- [Dataset extract]
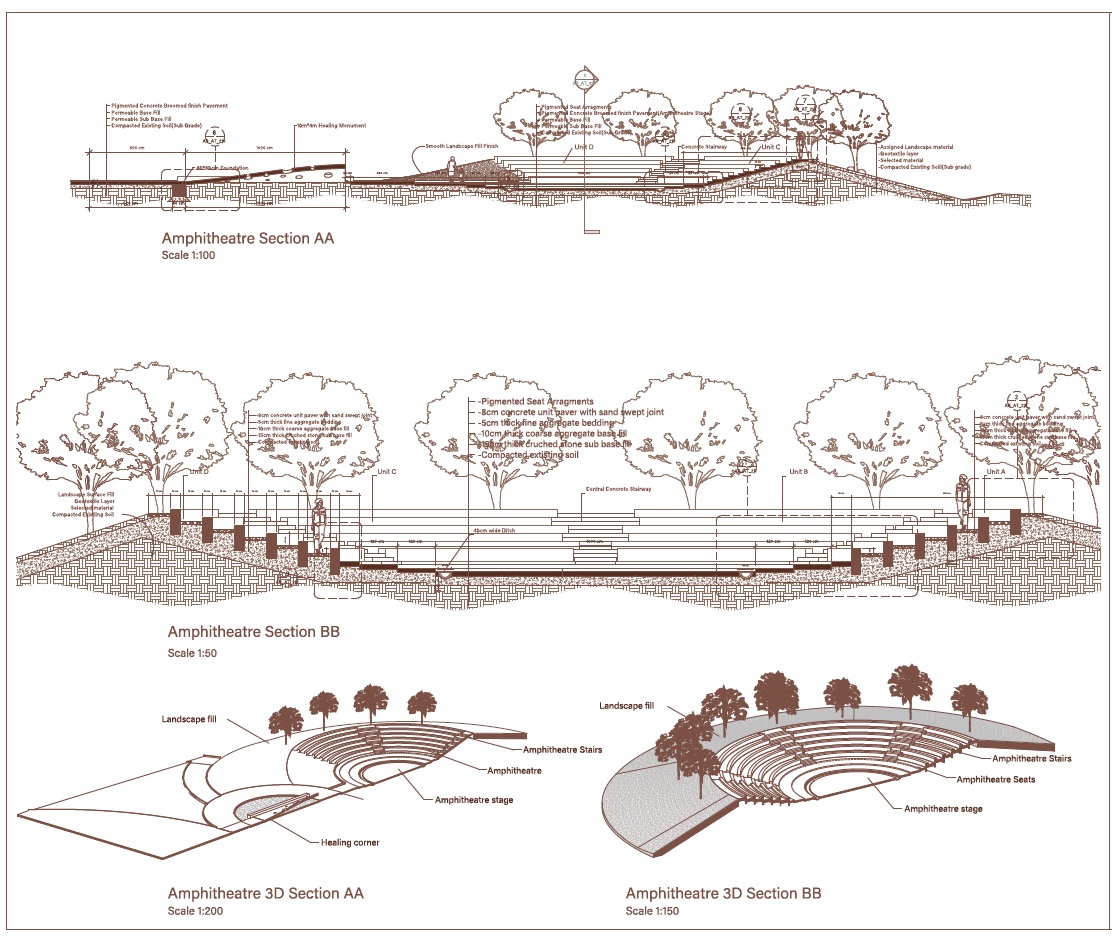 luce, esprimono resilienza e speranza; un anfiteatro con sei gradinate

...

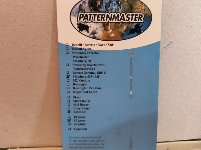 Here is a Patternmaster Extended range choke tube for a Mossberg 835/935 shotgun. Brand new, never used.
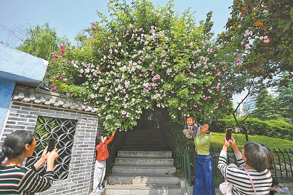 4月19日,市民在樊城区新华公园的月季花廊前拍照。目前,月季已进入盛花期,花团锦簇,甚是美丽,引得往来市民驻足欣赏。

* * *

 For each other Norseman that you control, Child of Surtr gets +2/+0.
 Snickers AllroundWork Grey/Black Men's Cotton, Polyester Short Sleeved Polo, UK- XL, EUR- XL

- [What the task asks] Your task is to copy only the lines above starting at the one containing "Here is a Patternmaster" and ending at the one containing "4月19日,市民在樊城区新华". Copy them exactly, both ends included, and omit the pictures.

- [The answer]
 Here is a Patternmaster Extended range choke tube for a Mossberg 835/935 shotgun. Brand new, never used.
 4月19日,市民在樊城区新华公园的月季花廊前拍照。目前,月季已进入盛花期,花团锦簇,甚是美丽,引得往来市民驻足欣赏。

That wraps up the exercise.